После меня, – продолжал оратор, – все пошло прахом. Забыты заветы основателя реформ, широко раскрылись двери нового кабака, каким стали покровительствуемые министерством трактиры, акцизный надзор стал получать невероятные наставления, направленные к одному: во что бы то ни стало увеличить доходы казны, расширять потребление, – стали поощрять тех управляющих акцизными сборами, у которых головокружительно растет продажа этого яда, и те самые чиновники, которые при мне слышали только указание бороться с пьянством во что бы то ни стало, стали отличаться за то, что у них растет потребление, а отчеты самого министерства гордятся тем, как увеличивается потребление и как растут эти позорные доходы. Никому не приходит в голову даже на минуту остановиться на том, что водка дает у нас миллиард валового дохода, или целую треть всего русского бюджета. Я говорю, я кричу об этом направо и налево, но все глухи кругом, и мне остается теперь только закричать на весь мир “караул”…»

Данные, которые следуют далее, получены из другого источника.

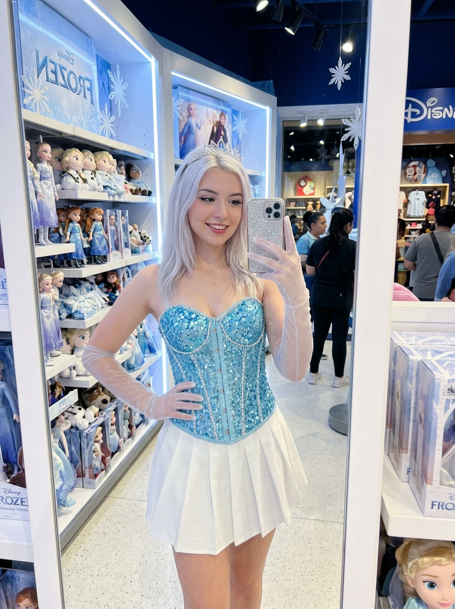 {"scene_description":"A dazzling, icy-themed mirror selfie of a stylish young model in a Disney store, channeling a modern Frozen aesthetic.","image_reference":{"path":"[UPLOADED_IMAGE]","weight":"high","influence":"face_and_body_structure"},"subject":{"type":"the model from the uploaded image","age":"match input image","features":{"hair":"loose platinum or cool-toned waves cascading over shoulders","expression":"elegant smile, confident gaze into the mirror","makeup":"shimmering silver eyeshadow , cool-toned highlighter , glossy pink lips "},"attire":"a shimmering icy-blue corset top with intricate sequin detailing, a crisp pleated if(gender=f){tennis skirt } , and sheer glittery opera gloves","accessories":"a delicate silver crystal tiara, a rhinestone-encrusted phone case, a small Olaf plushie resting on the counter","position":"standing elegantly with one hand on hip, holding phone with the other"},"action":{"primary":"taking a glamour shot in the mirror","secondary":"showcasing the sparkle of the outfit","effect":"glitter and sequins catching the light beautifully"},"environment":{"setting":"Disney store Frozen section","foreground_elements":["sparkly phone case","glass mirror surface","snowflake decorations"],"background_elements":["shelves filled with blue and merchandise","castle displays","cool-toned LED retail lighting"]},"lighting":{"style":"Cool and Crisp High-Key","key_light":{"type":"Cool softbox simulation","color":"Ice blue\/White","illuminates":"the sequins on the corset and the subject's face"},"background_light":{"color":"Soft cyan backlighting"},"shadows":"sharp, crisp reflections"},"style":{"medium":"Smartphone photography","aesthetic":"Ice Princess Core, Luxury Teen, Sparkle Filter","quality":"8k resolution, texture-focused (sequins\/glitter)","details":"ultra-detailed fabric textures"},"visual_description":{"core_subject":"A modern interpretation of a winter princess with high-fashion streetwear elements.","attire_physics":"The corset structure fits tightly, while the skirt pleats fall perfectly.","skin_rendering":"Porcelain smooth skin with a cold-weather flush."},"lighting_and_atmosphere":{"type":"Winter Wonderland Indoors","specifics":"Lens flares from the sequins (star filter effect)","color_grade":"Cool blues, silvers, and crisp whites"},"attire_customization":{"current_clothing":"Icy-blue sequin corset, if(gender=f){tennis skirt } , glitter gloves","customizable_clothing":"Can be swapped for a long blue satin gown for a more formal look"},"camera_and_lens":{"focal_length_feel":"24mm Smartphone Wide","aperture_effect":"f\/1.8","camera_angle":"Eye-level mirror reflection","lens_type":"Modern digital lens","bokeh_style":"Sparkly bokeh in background"}}

Это слово «караул» было произнесено таким неистовым, визгливым голосом, что весь Государственный совет буквально пришел в нескрываемое недоумение не от произведенного впечатления, а от неожиданности выходки, от беззастенчивости всей произнесенной речи, от ее несправедливых, искусственных сопоставлений и от ясной для всей залы цели – сводить какие-то счеты со мною, и притом в форме, возмутившей всех до последней степени.
Председатель объявил перерыв, ко мне стали подходить члены совета самых разнообразных партий и группировок, и не было буквально никого, не исключая и явного противника винной монополии А. Ф. Кони, кто бы не сказал мне сочувственного слова и не осудил наперерыв возмутительной, митинговой речи.
Я выступил тотчас после перерыва и внес в мои возражения всю доступную мне сдержанность. Она стоила мне величайших усилий и напряжения нервов. Не стану приводить теперь, когда все происшедшее тогда кажется мелким и ничтожным после всего пережитого с тех пор, что именно я сказал. Это видно по стенограмме Государственного совета, которая находится и теперь в моих руках. Я крайне сожалею, что не могу, по недостатку места, привести ее, но могу и так сказать только по совести, что общее сочувствие было на моей стороне, Витте не отвечал мне и ушел из заседания, не обменявшись ни с кем ни одним словом, а проходя мимо меня, демонстративно отвернулся.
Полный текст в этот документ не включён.